1\. Getting involved in multiple activities - I am part of a choir, I play
board games with my friends, I read a lot of books, I take photos of the night
sky and I like to do my own statistical research on various topics (e.g.
politics).

2\. Figure out the problems you face in all of these activities - I have found
plenty, such as choir members who can't read music, lack of strategy analysis
for various board games, lack of pretty astronomical software, lack of
graphical representations of ideas presented in books and vast lack of
graphics representing the effect of political policies.

3\. Figure out which of the problems can be solved with software.
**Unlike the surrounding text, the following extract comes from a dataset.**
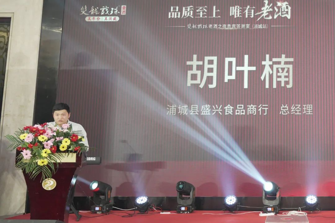 浦城縣盛興食品商行總經(jīng)理胡葉楠在致辭中感謝大家的出席,他表示浦城市場的發(fā)展離不開大家的支持,我們舉辦答謝宴,在品鑒高品質(zhì)老酒之際,也想借此機(jī)會加強(qiáng)彼此之間的聯(lián)系,讓各位朋友、伙伴體驗(yàn)醬香之美,共贏美好未來!

4\. Pick the languages/frameworks/tools you want to learn to use and that will
help you with the project.

5\. Build an MVP.

6\. Invest more into the project, or otherwise repeat 1-5.

You can see some of my projects on
[http://www.michalpaszkiewicz.co.uk](http://www.michalpaszkiewicz.co.uk) to
get a gist of the weird things I end up doing.

Edit - wth is up with the formatting here

------
sharemywin
I created side projects as businesses and used older tech because I could get
it done faster and interviewers looked at it as a negative. I was more
"business" oriented. If the goal is a better job look at job descriptions and
do a project with the tech in the job descriptions.

------
billconan
I'm happy to make clones, just to learn how things work. I made a bitcoin
clone and now I am working on a deep learning framework clone.

I think the real gain you get out of a side project is the experience and
knowledge, which you could carry with you. Not really the side project itself.